(Dataset entries)

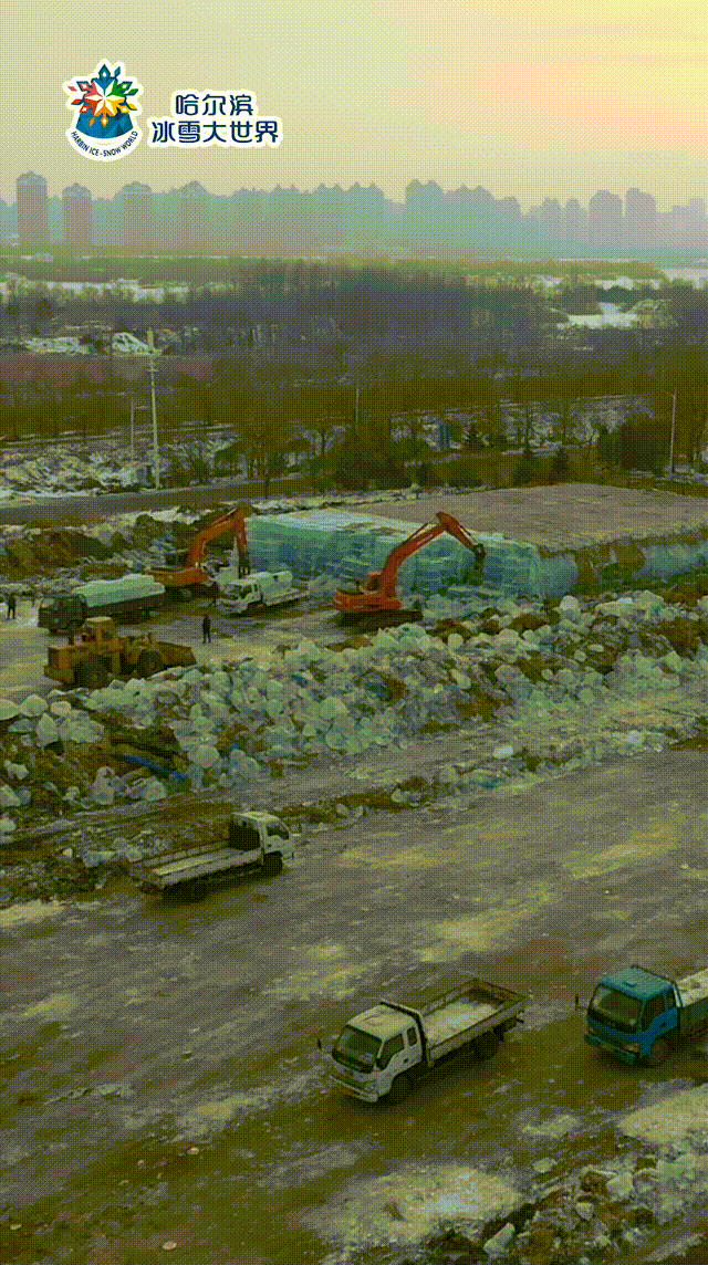 早在入冬之初,哈尔滨冰雪大世界就已积极推进各项工程建设的准备,平整场地、检修设备、堆土、搭架......哈尔滨冰雪大世界内各项非冰建设目前已全部完成的同时,去年冬天储藏的3万立方米“存冰”也被取出用于冰建景观建设,为“战胜”暖冬增加了极大的胜算。
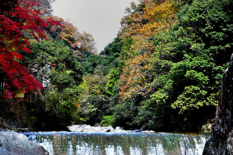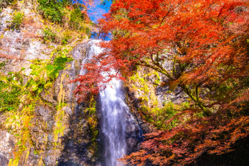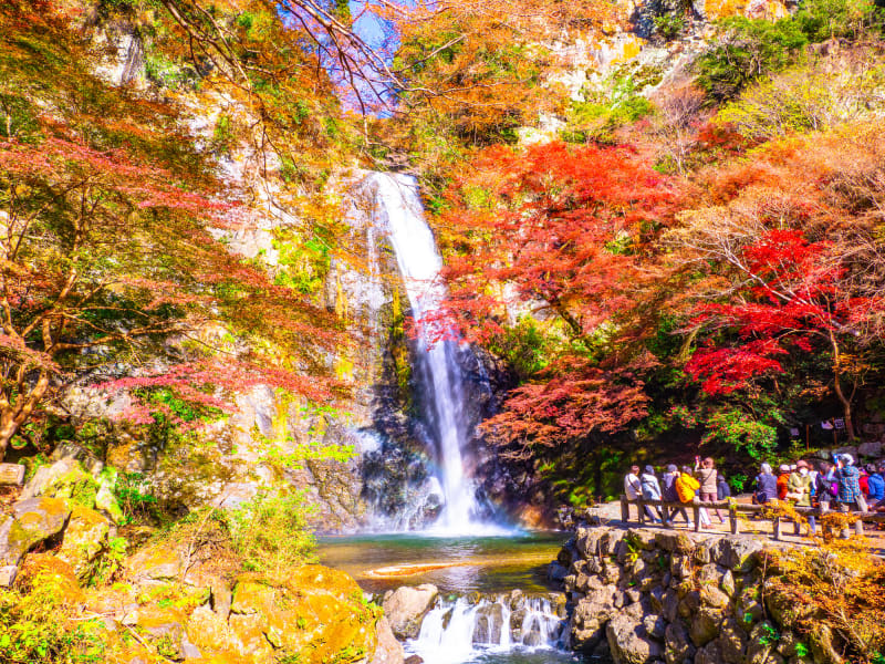 紅葉シーズンの園内は、落差約33mの「箕面大滝」を囲む樹木が赤や黄色のグラデーションへ彩ります。大自然が織りなす色合いと川面に映し出される紅葉の絶景に圧倒されるはず!
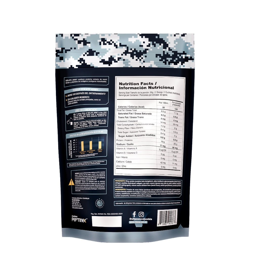 ISOLATE ARMY contiene proteína aislada de suero lácteo y péptidos de colágeno (colágeno hidrolizado).
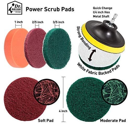 • Drill Cleaning Attachment Set (Brush & Scouring Pads & Scrub Sponge). Includes: 6 shape of Medium drill power scrubber brushes. 9 Piece different stiffnesses Scouring pads. 3 Piece scrub sponge and 4 inch backer.
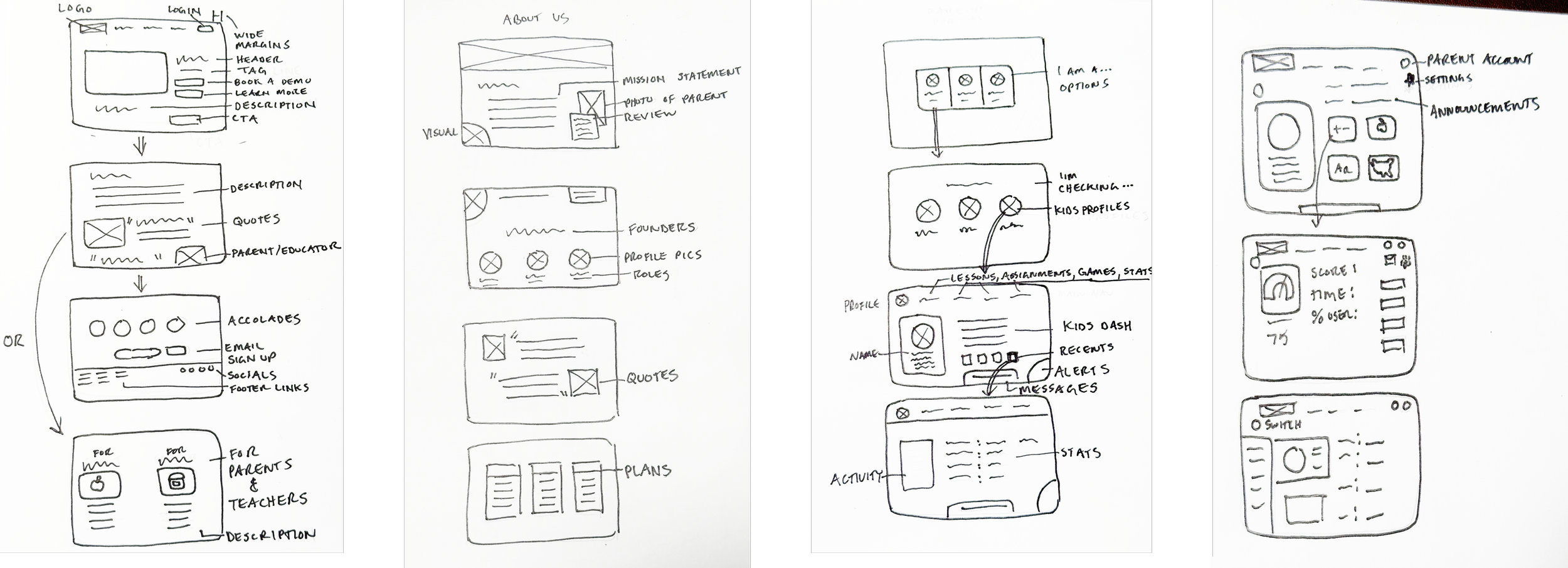 For the portal I sketched out ideas of what it would look like to choose between users, select different students who the user would be checking in on, and educational metrics that could be represented in an accessible and legible way.

* [EXERCISE]:
Could you set down, exactly as written, every line from the start of the records above through the line containing "4 inch backer.", leaving the pictures out?

* [EXPECTED OUTPUT]:
 早在入冬之初,哈尔滨冰雪大世界就已积极推进各项工程建设的准备,平整场地、检修设备、堆土、搭架......哈尔滨冰雪大世界内各项非冰建设目前已全部完成的同时,去年冬天储藏的3万立方米“存冰”也被取出用于冰建景观建设,为“战胜”暖冬增加了极大的胜算。
 紅葉シーズンの園内は、落差約33mの「箕面大滝」を囲む樹木が赤や黄色のグラデーションへ彩ります。大自然が織りなす色合いと川面に映し出される紅葉の絶景に圧倒されるはず!
 ISOLATE ARMY contiene proteína aislada de suero lácteo y péptidos de colágeno (colágeno hidrolizado).
 • Drill Cleaning Attachment Set (Brush & Scouring Pads & Scrub Sponge). Includes: 6 shape of Medium drill power scrubber brushes. 9 Piece different stiffnesses Scouring pads. 3 Piece scrub sponge and 4 inch backer.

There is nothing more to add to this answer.